Task statement
For the data below, transcribe the part that opens with the line containing "江西上饶:少年河中玩水遇险 消防及时展开救援" and closes with the line containing "Comodă 108/93/42 cm", exactly and with no pictures.

Exercise materials
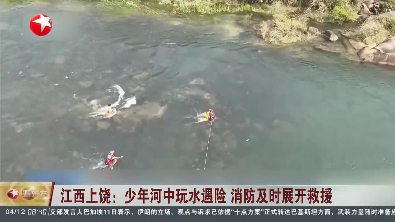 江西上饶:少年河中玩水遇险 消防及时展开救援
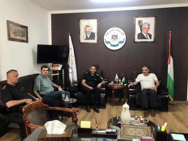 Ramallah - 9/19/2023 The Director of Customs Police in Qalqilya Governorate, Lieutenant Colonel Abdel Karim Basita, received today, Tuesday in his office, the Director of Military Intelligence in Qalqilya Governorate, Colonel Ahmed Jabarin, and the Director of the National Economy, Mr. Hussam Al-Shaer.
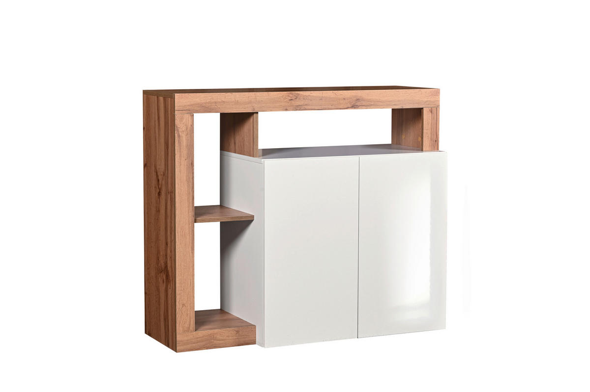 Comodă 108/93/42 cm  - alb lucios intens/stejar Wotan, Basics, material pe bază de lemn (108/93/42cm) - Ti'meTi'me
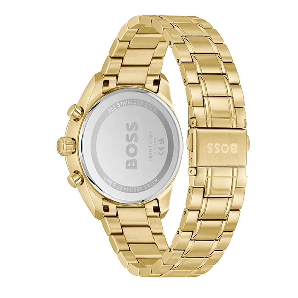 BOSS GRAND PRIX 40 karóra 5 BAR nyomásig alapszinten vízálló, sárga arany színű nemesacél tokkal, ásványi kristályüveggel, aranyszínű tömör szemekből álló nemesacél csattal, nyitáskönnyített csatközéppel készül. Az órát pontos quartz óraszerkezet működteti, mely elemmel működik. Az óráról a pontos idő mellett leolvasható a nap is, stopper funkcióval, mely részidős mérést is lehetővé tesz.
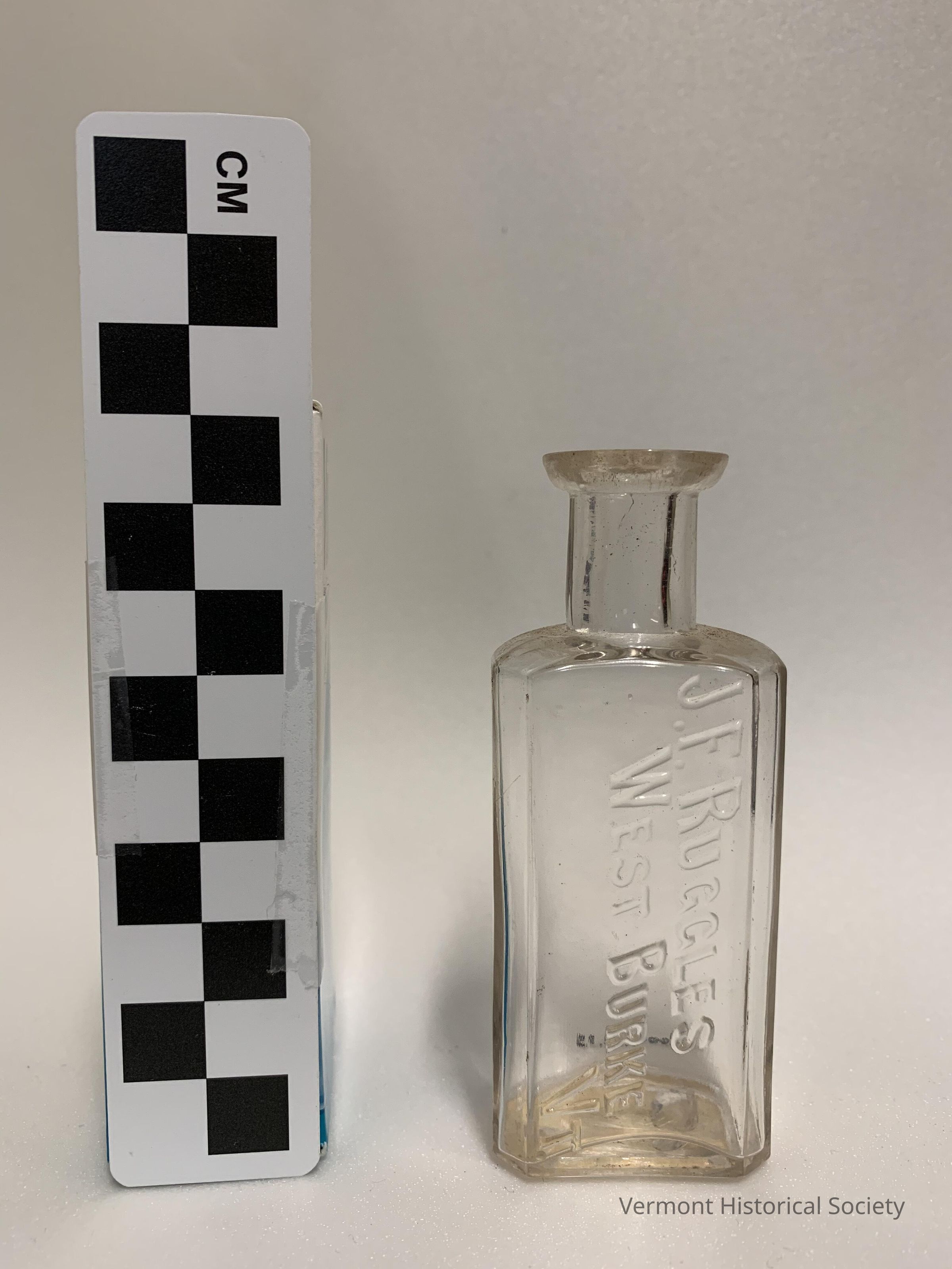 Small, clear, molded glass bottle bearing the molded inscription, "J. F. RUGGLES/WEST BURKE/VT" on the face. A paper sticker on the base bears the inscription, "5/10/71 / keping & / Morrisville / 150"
...
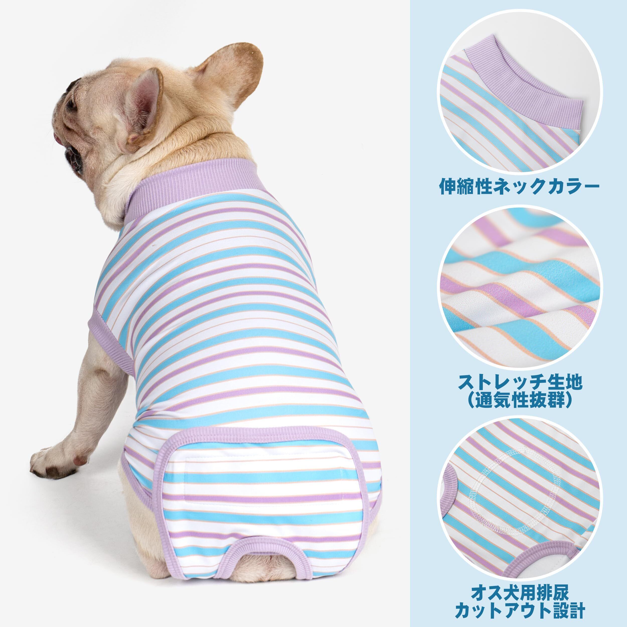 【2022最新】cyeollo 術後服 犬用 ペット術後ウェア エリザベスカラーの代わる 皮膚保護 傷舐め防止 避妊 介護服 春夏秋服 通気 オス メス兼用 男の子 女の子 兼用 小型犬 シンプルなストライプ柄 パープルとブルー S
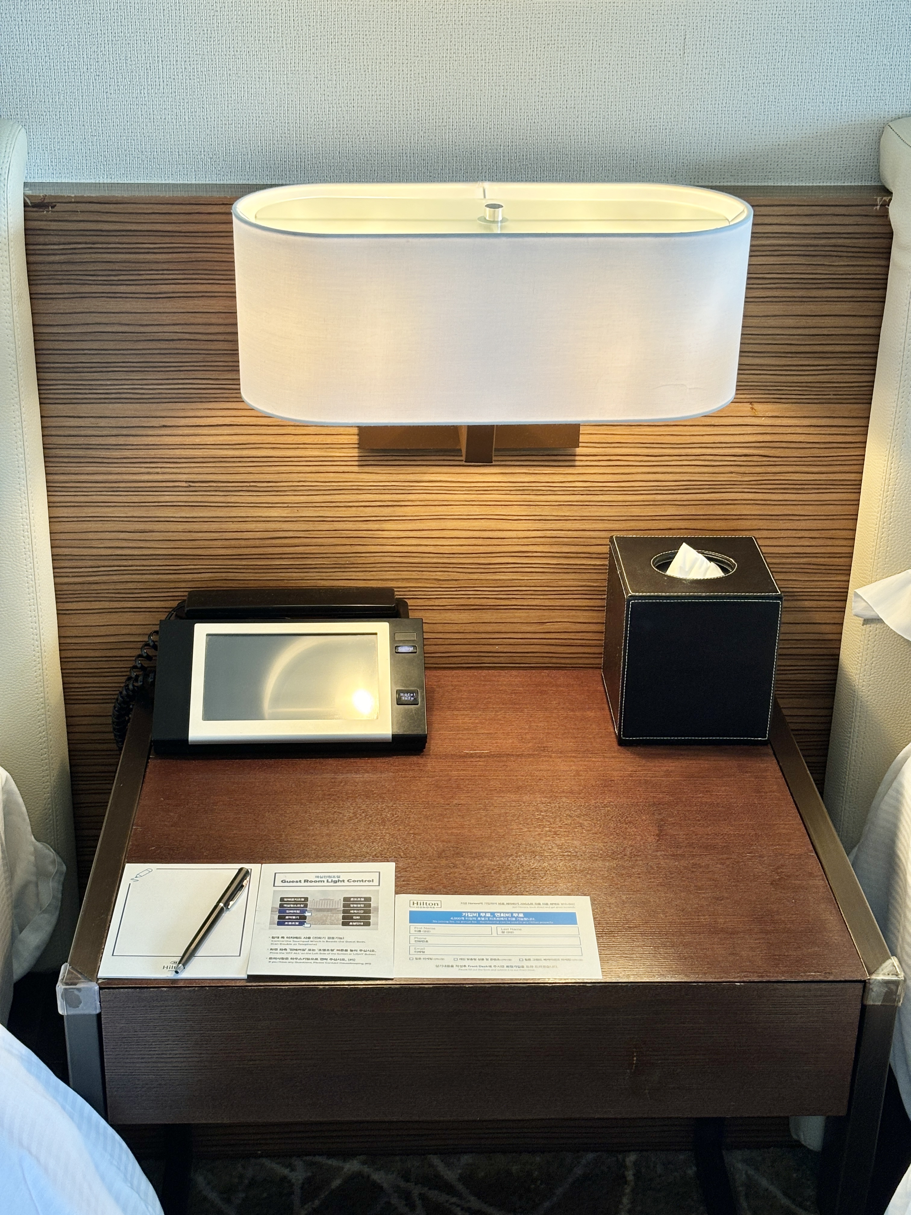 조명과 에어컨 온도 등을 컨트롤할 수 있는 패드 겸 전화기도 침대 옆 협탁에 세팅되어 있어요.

Task result
 江西上饶:少年河中玩水遇险 消防及时展开救援
 Ramallah - 9/19/2023 The Director of Customs Police in Qalqilya Governorate, Lieutenant Colonel Abdel Karim Basita, received today, Tuesday in his office, the Director of Military Intelligence in Qalqilya Governorate, Colonel Ahmed Jabarin, and the Director of the National Economy, Mr. Hussam Al-Shaer.
 Comodă 108/93/42 cm  - alb lucios intens/stejar Wotan, Basics, material pe bază de lemn (108/93/42cm) - Ti'meTi'me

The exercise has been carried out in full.